Could the data below be printed out exactly, with the pictures left out?
-------------------------
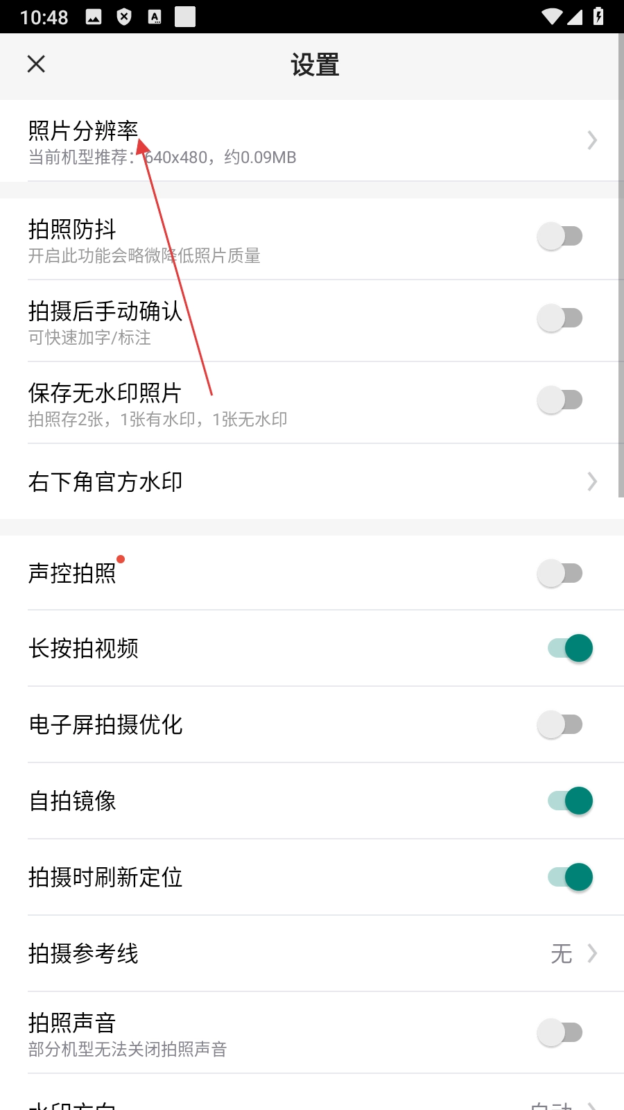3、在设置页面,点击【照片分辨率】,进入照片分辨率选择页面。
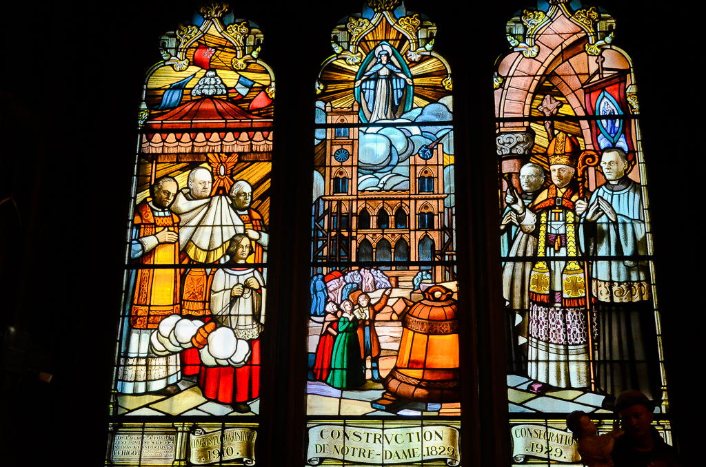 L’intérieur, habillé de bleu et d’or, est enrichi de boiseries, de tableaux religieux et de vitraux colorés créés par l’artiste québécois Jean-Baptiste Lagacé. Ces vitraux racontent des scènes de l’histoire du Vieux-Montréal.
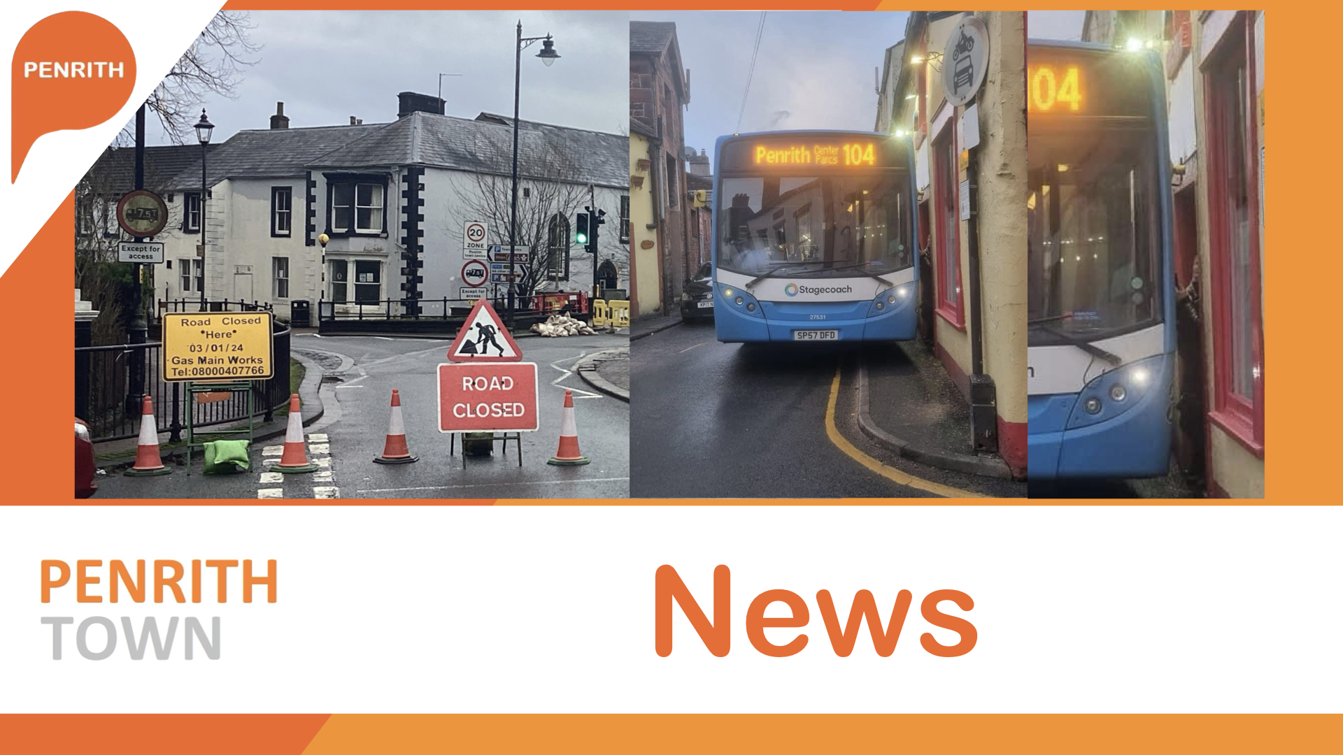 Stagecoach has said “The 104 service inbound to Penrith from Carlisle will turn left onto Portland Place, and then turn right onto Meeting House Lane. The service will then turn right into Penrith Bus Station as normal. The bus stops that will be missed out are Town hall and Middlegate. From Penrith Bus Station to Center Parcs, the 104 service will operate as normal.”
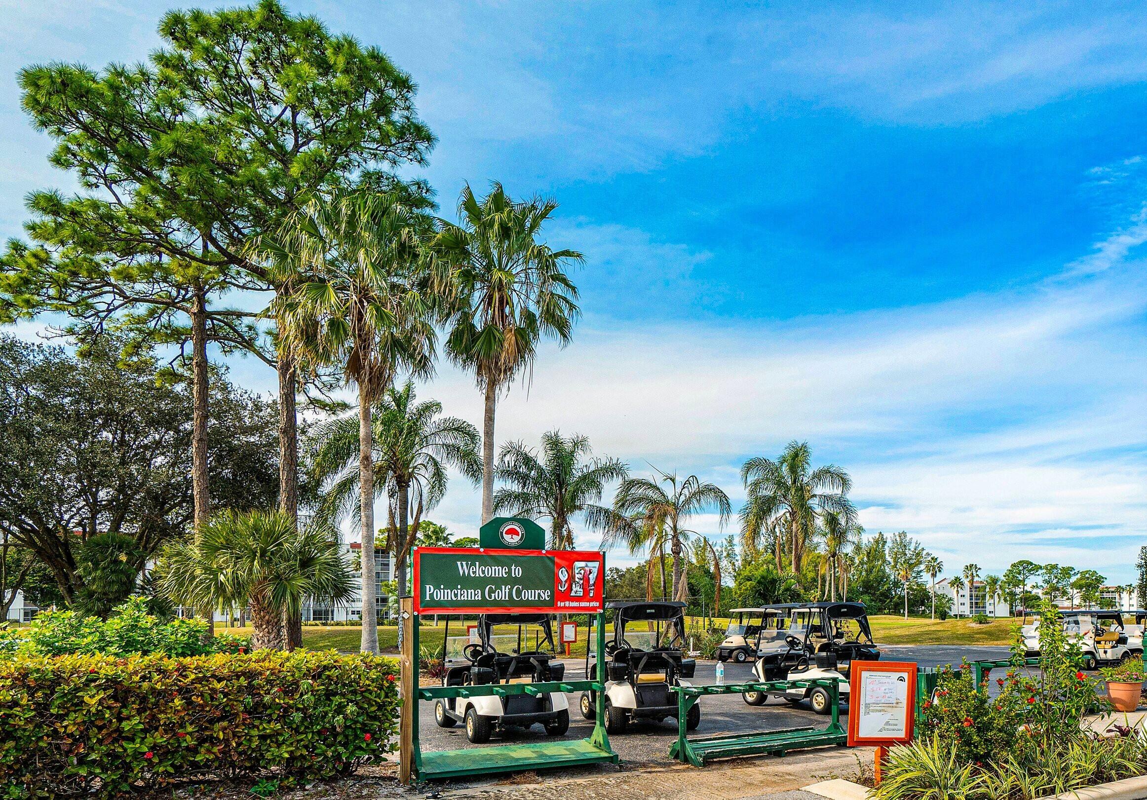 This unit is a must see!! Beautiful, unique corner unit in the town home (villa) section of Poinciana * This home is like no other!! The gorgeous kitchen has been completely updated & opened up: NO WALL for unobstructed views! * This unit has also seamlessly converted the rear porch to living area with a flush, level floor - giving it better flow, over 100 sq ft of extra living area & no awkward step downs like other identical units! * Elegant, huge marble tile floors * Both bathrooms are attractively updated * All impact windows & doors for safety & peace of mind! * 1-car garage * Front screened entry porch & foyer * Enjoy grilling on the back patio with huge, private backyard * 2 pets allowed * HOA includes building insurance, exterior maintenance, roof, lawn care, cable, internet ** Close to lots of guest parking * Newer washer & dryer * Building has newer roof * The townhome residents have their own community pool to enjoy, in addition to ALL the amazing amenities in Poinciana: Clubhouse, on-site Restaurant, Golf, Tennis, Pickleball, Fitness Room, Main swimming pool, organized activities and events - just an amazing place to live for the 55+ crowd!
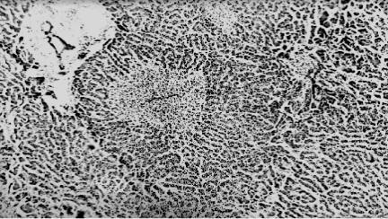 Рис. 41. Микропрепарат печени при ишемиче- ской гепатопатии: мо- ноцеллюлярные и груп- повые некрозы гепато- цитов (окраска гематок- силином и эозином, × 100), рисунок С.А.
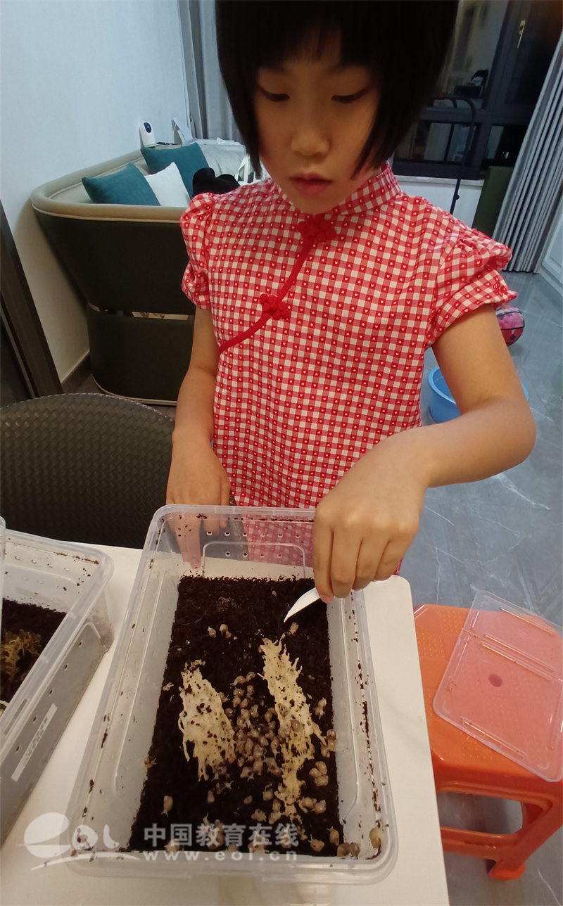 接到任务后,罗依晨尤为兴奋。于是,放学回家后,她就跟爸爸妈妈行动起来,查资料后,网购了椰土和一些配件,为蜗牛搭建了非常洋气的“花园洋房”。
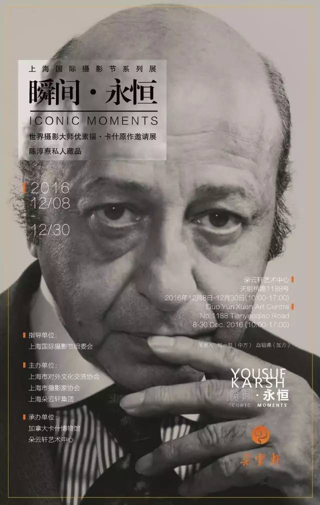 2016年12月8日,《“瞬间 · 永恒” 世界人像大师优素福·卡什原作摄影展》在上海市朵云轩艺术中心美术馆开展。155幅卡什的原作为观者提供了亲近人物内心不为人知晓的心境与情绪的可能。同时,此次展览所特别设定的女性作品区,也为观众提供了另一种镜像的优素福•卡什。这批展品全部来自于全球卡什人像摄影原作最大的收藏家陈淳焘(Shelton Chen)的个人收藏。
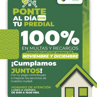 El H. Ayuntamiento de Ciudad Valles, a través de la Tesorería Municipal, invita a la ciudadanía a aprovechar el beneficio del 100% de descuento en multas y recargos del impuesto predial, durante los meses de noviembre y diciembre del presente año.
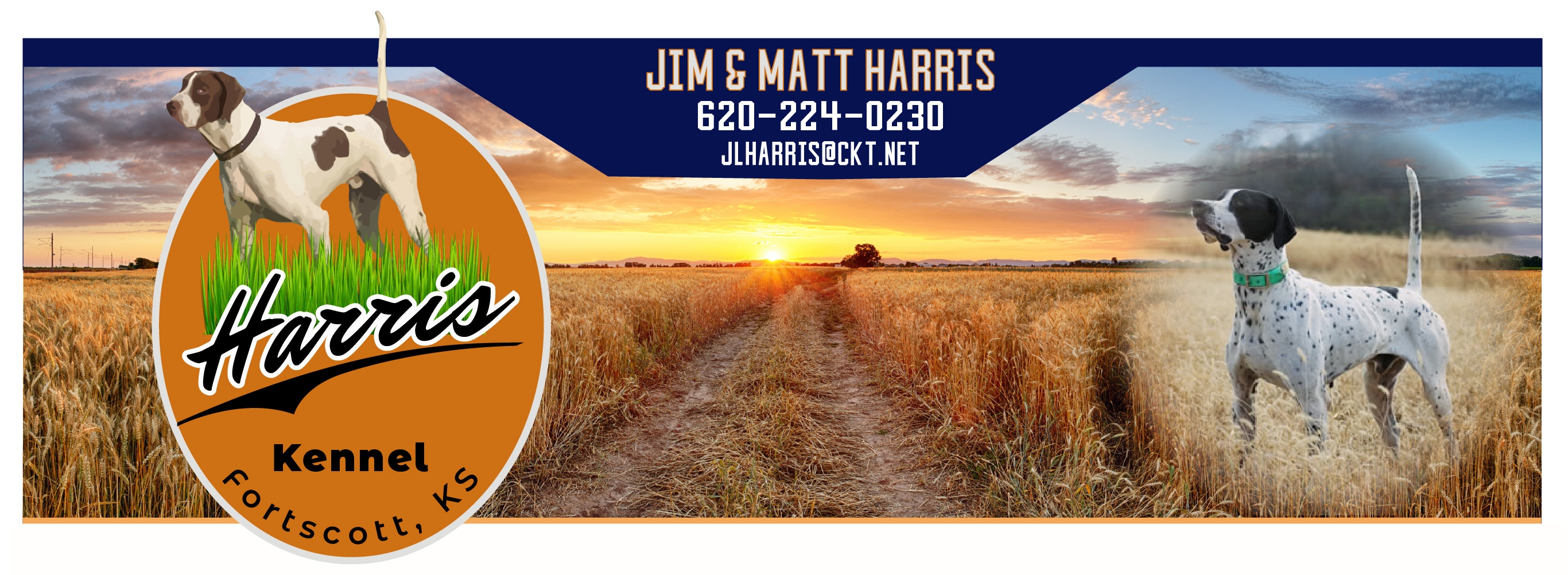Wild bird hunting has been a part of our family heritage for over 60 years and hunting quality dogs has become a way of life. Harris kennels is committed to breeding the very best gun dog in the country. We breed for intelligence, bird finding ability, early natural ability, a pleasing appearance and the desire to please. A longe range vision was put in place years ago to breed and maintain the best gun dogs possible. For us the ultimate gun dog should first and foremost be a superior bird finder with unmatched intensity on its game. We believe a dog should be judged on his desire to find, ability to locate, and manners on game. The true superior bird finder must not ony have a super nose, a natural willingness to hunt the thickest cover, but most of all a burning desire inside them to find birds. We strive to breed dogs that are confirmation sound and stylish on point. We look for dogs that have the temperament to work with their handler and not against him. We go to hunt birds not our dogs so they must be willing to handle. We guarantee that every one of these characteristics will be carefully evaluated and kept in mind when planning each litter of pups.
-------------------------
■ Result of this task
3、在设置页面,点击【照片分辨率】,进入照片分辨率选择页面。
 L’intérieur, habillé de bleu et d’or, est enrichi de boiseries, de tableaux religieux et de vitraux colorés créés par l’artiste québécois Jean-Baptiste Lagacé. Ces vitraux racontent des scènes de l’histoire du Vieux-Montréal.
 Stagecoach has said “The 104 service inbound to Penrith from Carlisle will turn left onto Portland Place, and then turn right onto Meeting House Lane. The service will then turn right into Penrith Bus Station as normal. The bus stops that will be missed out are Town hall and Middlegate. From Penrith Bus Station to Center Parcs, the 104 service will operate as normal.”
 This unit is a must see!! Beautiful, unique corner unit in the town home (villa) section of Poinciana * This home is like no other!! The gorgeous kitchen has been completely updated & opened up: NO WALL for unobstructed views! * This unit has also seamlessly converted the rear porch to living area with a flush, level floor - giving it better flow, over 100 sq ft of extra living area & no awkward step downs like other identical units! * Elegant, huge marble tile floors * Both bathrooms are attractively updated * All impact windows & doors for safety & peace of mind! * 1-car garage * Front screened entry porch & foyer * Enjoy grilling on the back patio with huge, private backyard * 2 pets allowed * HOA includes building insurance, exterior maintenance, roof, lawn care, cable, internet ** Close to lots of guest parking * Newer washer & dryer * Building has newer roof * The townhome residents have their own community pool to enjoy, in addition to ALL the amazing amenities in Poinciana: Clubhouse, on-site Restaurant, Golf, Tennis, Pickleball, Fitness Room, Main swimming pool, organized activities and events - just an amazing place to live for the 55+ crowd!
 Рис. 41. Микропрепарат печени при ишемиче- ской гепатопатии: мо- ноцеллюлярные и груп- повые некрозы гепато- цитов (окраска гематок- силином и эозином, × 100), рисунок С.А.
 接到任务后,罗依晨尤为兴奋。于是,放学回家后,她就跟爸爸妈妈行动起来,查资料后,网购了椰土和一些配件,为蜗牛搭建了非常洋气的“花园洋房”。
 2016年12月8日,《“瞬间 · 永恒” 世界人像大师优素福·卡什原作摄影展》在上海市朵云轩艺术中心美术馆开展。155幅卡什的原作为观者提供了亲近人物内心不为人知晓的心境与情绪的可能。同时,此次展览所特别设定的女性作品区,也为观众提供了另一种镜像的优素福•卡什。这批展品全部来自于全球卡什人像摄影原作最大的收藏家陈淳焘(Shelton Chen)的个人收藏。
 El H. Ayuntamiento de Ciudad Valles, a través de la Tesorería Municipal, invita a la ciudadanía a aprovechar el beneficio del 100% de descuento en multas y recargos del impuesto predial, durante los meses de noviembre y diciembre del presente año.
Wild bird hunting has been a part of our family heritage for over 60 years and hunting quality dogs has become a way of life. Harris kennels is committed to breeding the very best gun dog in the country. We breed for intelligence, bird finding ability, early natural ability, a pleasing appearance and the desire to please. A longe range vision was put in place years ago to breed and maintain the best gun dogs possible. For us the ultimate gun dog should first and foremost be a superior bird finder with unmatched intensity on its game. We believe a dog should be judged on his desire to find, ability to locate, and manners on game. The true superior bird finder must not ony have a super nose, a natural willingness to hunt the thickest cover, but most of all a burning desire inside them to find birds. We strive to breed dogs that are confirmation sound and stylish on point. We look for dogs that have the temperament to work with their handler and not against him. We go to hunt birds not our dogs so they must be willing to handle. We guarantee that every one of these characteristics will be carefully evaluated and kept in mind when planning each litter of pups.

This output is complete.